Predictions bug - Githubissues

imoscovitz / wittgenstein

Ruleset covering algorithms for transparent machine learning

MIT License

90 stars 24 forks source link

Predictions bug #22

Open Schichael opened 2 years ago

Schichael commented 2 years ago

Hello @imoscovitz, I am running into problems when making predictions as I am getting wrong predictions. See the following simple example. All predictions should be True according to the rule but only the first prediction is correct. This seems like a bug. Or am I doing something wrong? I am using version 0.3.2.

Schichael commented 2 years ago

I looked into the code and it seems like the problem is caused by dropping duplicate rows in base.py, line 128: covered = covered.drop_duplicaes(). This way only the first row remains. The removed samples are the predicted as False. By removing the line I got the expected results.

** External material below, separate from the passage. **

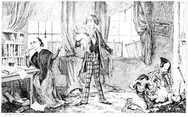 Mrs. Piper (superintending the chops and neglecting her punctuation)—"Oh dear, dear, dear! it's enough to drive anybody crazy with all the trouble I've had with the huzzies the nasty good-for-nothing, idle, lazy—the wicked presumptuous bad creatures, to think of their taking such a start. Don't talk to me, Piper; it's the fault of you men for taking their part. Can't blame them indeed for wanting to better their situations!—of course my servants were very ill used I understand your insinuations. No doubt it's a treat to you to see your poor wife made into a slave—not that there's any novelty in that I wish I was in my grave!—melted to death and getting into such a mess with the chances I have of even getting a new dress—at those dratted chops for you to guzzle. If you had the feelings of a man, you'd do something to help me. Oh! I daresay you're doing all you can—a pretty kettle of fish you're making of the Irish stew. Ah! there goes the poker on to the plates—don't tell me—you do it on purpose—you do. I didn't say you touched the poker but you do all you can to flurry me in one way or other—Tom, you naughty, unfeeling boy, how dare you join in the conspiracy against your poor mother? If your father's burnt you, it's just like him go and rub your hand with soap—though you'll be clever to find it—Yes—Mr. Piper, you're satisfied now, I hope—with your institutions and lectures and South Australia panoramas I wish Mr. Prout and all the rest of the wretches at the Polytechnic were pounded to death with sledge-hammers—putting notions of emigration into the heads of a set of brazen faces—but they've been a great deal too well treated, or they would not have had time to go to such places; and those newspapers talking about their rights and freedom if they'd minded their work they wouldn't have had time to read 'em. In my poor dear mother's time, no servant could get a place who knew how to read. Ought to be treated like human beings? a pretty story, indeed! I know what you mean Piper you needn't try to keep your gravity—but they were always thinking of husbands and settling in life or some such depravity.

Schichael commented 2 years ago

Replacing the original code with the following should fix the problem. I didn't test for execution time.

covered = self.rules[0].covers(df).copy()
for rule in self.rules[1:]:
    rule_df = rule.covers(df)
    # Drop rows with indices from rule_df that are already in covered
    rule_df = rule_df.drop(set.intersection(set(covered.index), set(rule_df.index)))
    covered = pd.concat([covered, rule_df])
return covered

gujingit commented 2 years ago

Replacing the original code with the following should fix the problem. I didn't test for execution time.

covered = self.rules[0].covers(df).copy()
for rule in self.rules[1:]:
    rule_df = rule.covers(df)
    # Drop rows with indices from rule_df that are already in covered
    rule_df = rule_df.drop(set.intersection(set(covered.index), set(rule_df.index)))
    covered = pd.concat([covered, rule_df])
return covered

Same issue. This method can solve the problem.